> _What you should do_
Each line in the material below must be transcribed exactly; no picture belongs in the copy.

____ Recorded data

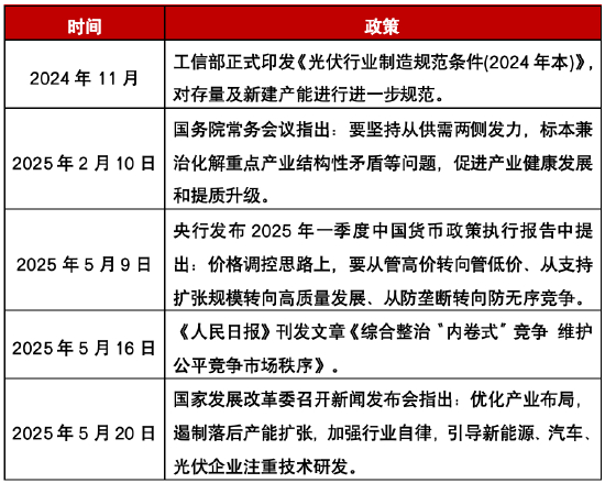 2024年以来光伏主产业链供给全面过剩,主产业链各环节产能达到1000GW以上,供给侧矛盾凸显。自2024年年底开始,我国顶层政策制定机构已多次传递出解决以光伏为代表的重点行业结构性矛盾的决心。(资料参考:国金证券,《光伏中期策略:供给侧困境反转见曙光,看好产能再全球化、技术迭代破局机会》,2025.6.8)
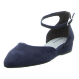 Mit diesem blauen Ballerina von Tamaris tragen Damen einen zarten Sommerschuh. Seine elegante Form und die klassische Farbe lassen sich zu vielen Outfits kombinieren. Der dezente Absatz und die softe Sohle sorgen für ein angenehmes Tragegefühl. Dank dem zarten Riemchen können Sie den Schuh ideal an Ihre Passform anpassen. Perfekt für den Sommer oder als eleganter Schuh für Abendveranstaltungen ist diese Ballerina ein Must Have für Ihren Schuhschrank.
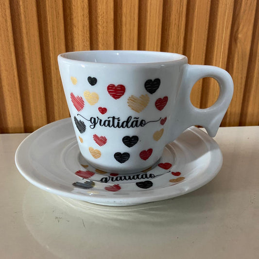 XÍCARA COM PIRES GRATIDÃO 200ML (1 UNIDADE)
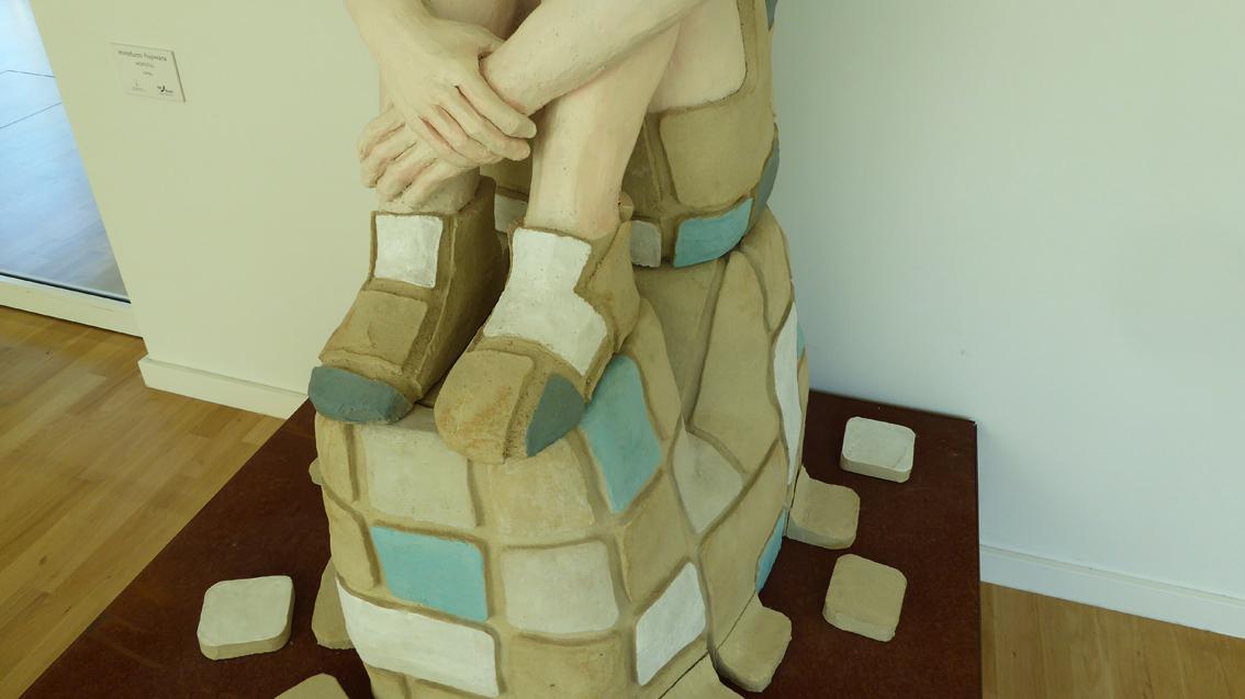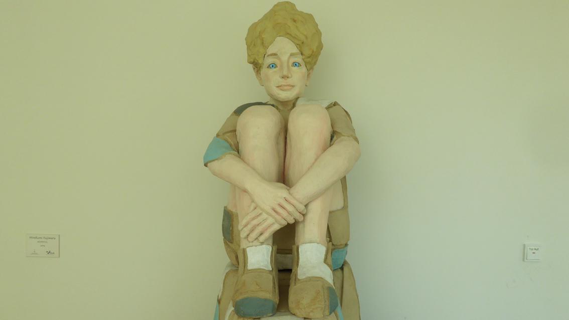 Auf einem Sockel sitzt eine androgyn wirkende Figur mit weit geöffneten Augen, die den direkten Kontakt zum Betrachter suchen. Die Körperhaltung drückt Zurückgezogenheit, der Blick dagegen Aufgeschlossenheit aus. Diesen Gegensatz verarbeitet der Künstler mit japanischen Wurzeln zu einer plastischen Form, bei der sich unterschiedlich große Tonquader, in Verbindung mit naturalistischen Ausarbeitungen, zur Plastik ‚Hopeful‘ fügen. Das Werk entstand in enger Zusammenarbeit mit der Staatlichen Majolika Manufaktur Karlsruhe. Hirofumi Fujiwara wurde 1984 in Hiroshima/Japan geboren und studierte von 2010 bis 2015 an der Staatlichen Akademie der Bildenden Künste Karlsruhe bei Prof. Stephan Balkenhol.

________

> _Exercise solution_
 2024年以来光伏主产业链供给全面过剩,主产业链各环节产能达到1000GW以上,供给侧矛盾凸显。自2024年年底开始,我国顶层政策制定机构已多次传递出解决以光伏为代表的重点行业结构性矛盾的决心。(资料参考:国金证券,《光伏中期策略:供给侧困境反转见曙光,看好产能再全球化、技术迭代破局机会》,2025.6.8)
 Mit diesem blauen Ballerina von Tamaris tragen Damen einen zarten Sommerschuh. Seine elegante Form und die klassische Farbe lassen sich zu vielen Outfits kombinieren. Der dezente Absatz und die softe Sohle sorgen für ein angenehmes Tragegefühl. Dank dem zarten Riemchen können Sie den Schuh ideal an Ihre Passform anpassen. Perfekt für den Sommer oder als eleganter Schuh für Abendveranstaltungen ist diese Ballerina ein Must Have für Ihren Schuhschrank.
 XÍCARA COM PIRES GRATIDÃO 200ML (1 UNIDADE)
 Auf einem Sockel sitzt eine androgyn wirkende Figur mit weit geöffneten Augen, die den direkten Kontakt zum Betrachter suchen. Die Körperhaltung drückt Zurückgezogenheit, der Blick dagegen Aufgeschlossenheit aus. Diesen Gegensatz verarbeitet der Künstler mit japanischen Wurzeln zu einer plastischen Form, bei der sich unterschiedlich große Tonquader, in Verbindung mit naturalistischen Ausarbeitungen, zur Plastik ‚Hopeful‘ fügen. Das Werk entstand in enger Zusammenarbeit mit der Staatlichen Majolika Manufaktur Karlsruhe. Hirofumi Fujiwara wurde 1984 in Hiroshima/Japan geboren und studierte von 2010 bis 2015 an der Staatlichen Akademie der Bildenden Künste Karlsruhe bei Prof. Stephan Balkenhol.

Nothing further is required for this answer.